Journals | Policy | Permission

Journal of Clinical Medicine Research

Original Article

Volume 9, Number 8, August 2017, pages 695-700

Detection of Apolipoprotein E Gene Polymorphism and Blood Lipid Level in Hemodialysis Patients

Considerable evidence has indicated that hemodialysis patients are often accompanied by lipid metabolism disorders, cardiovascular complications in patients with one of the important factors [1-5]. However, the etiology and underlying mechanism are not entirely clear. It may be related to renal dysfunction, dialysis adequacy, the type of dialysis membrane and uremia basic diseases, genetic and other factors [6-9]. Apolipoprotein E (ApoE) is an important component of very low-density lipoprotein (VLDL), high-density lipoprotein (HDL) and chylomicrons, which may play an important role in lipid metabolism [10-12]. Recently, an interesting study demonstrated that triacylglycerol (TAG) hydrolysis mediated by lipoprotein lipase in VLDL is accompanied by the release of surface material containing phospholipids, free cholesterol and ApoE and ApoCs (CII and CIII). The released molecules are accepted by HDL, and new HDL-sized ApoE-containing particles are also generated. A decrease in the number of HDL particles or abnormalities in their structure is associated with unfavourable changes in the features of VLDL remnants [11].

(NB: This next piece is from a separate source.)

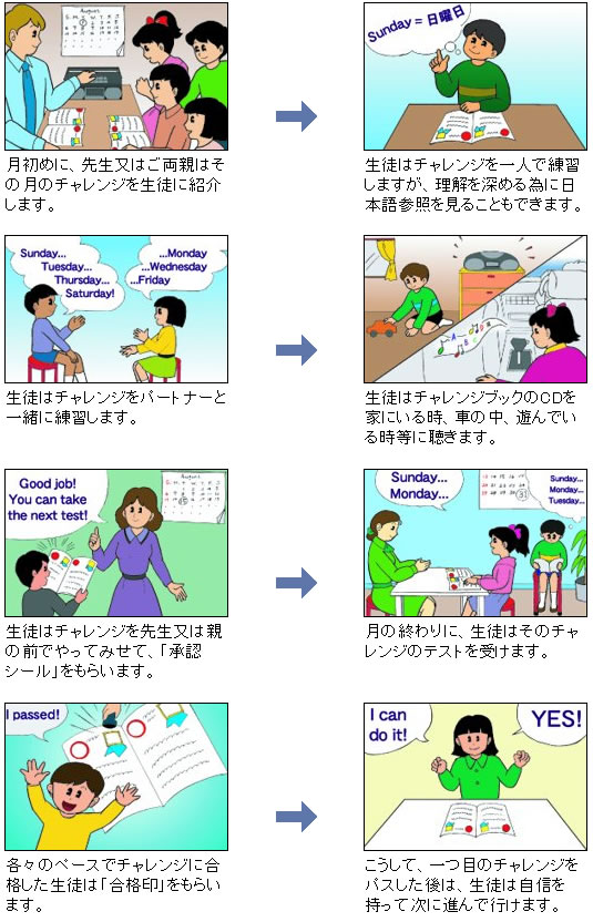 「私がチャレンジブックとTEMI(NPO法人英語教授法研究会)を大好きな理由をもうひとつ。 先日9歳の女の子がお母様と一緒に私の英会話レッスンを見学に来ました。 彼女は3歳の時から大手英会話学校に通っているにもかかわらず、アルファベットもきちんと言えず、1年生のチャレンジも全くできない状態でお母様はがっかりされていました。私の60分の体験レッスンを見てお母様は大喜びでした。子どもさんは辞書を引いて単語を調べる練習や、ポスターを見ながらの言葉の練習をしたあと、チャレンジブックのCDを聞くと、しっかりと英語で自己紹介をしたのです。お母様は感激してその場で入会を即決されました。Thank you very much!」

Its genetic polymorphism is an important genetic factor affecting lipid metabolism. As a matter of fact, approximately 14-17% variation of plasma cholesterol concentration can be associated with genetic polymorphism [13-16].

In a study reported by Echeverria et al, they performed a cross-sectional study to investigate the impact of 13 polymorphisms of nine genes affecting lipid metabolism. Polymorphisms were identified in the selected genes for their role in the development of atherogenic dyslipidemia including triglycerides and HDL [17]. At present, more and more studies on the relationship between ApoE gene polymorphism and lipid metabolism are being conducted in patients with cardiovascular and cerebrovascular diseases. Dyslipidemia plays a major role determining the epidemic cardiovascular burden attributed to the metabolic syndrome. ApoE is involved on cholesterol and triglycerides metabolism regulation. If ApoE polymorphism influences lipid metabolism, it may bring on induced susceptibility to the development of metabolic syndrome and cardiovascular disease [18-20].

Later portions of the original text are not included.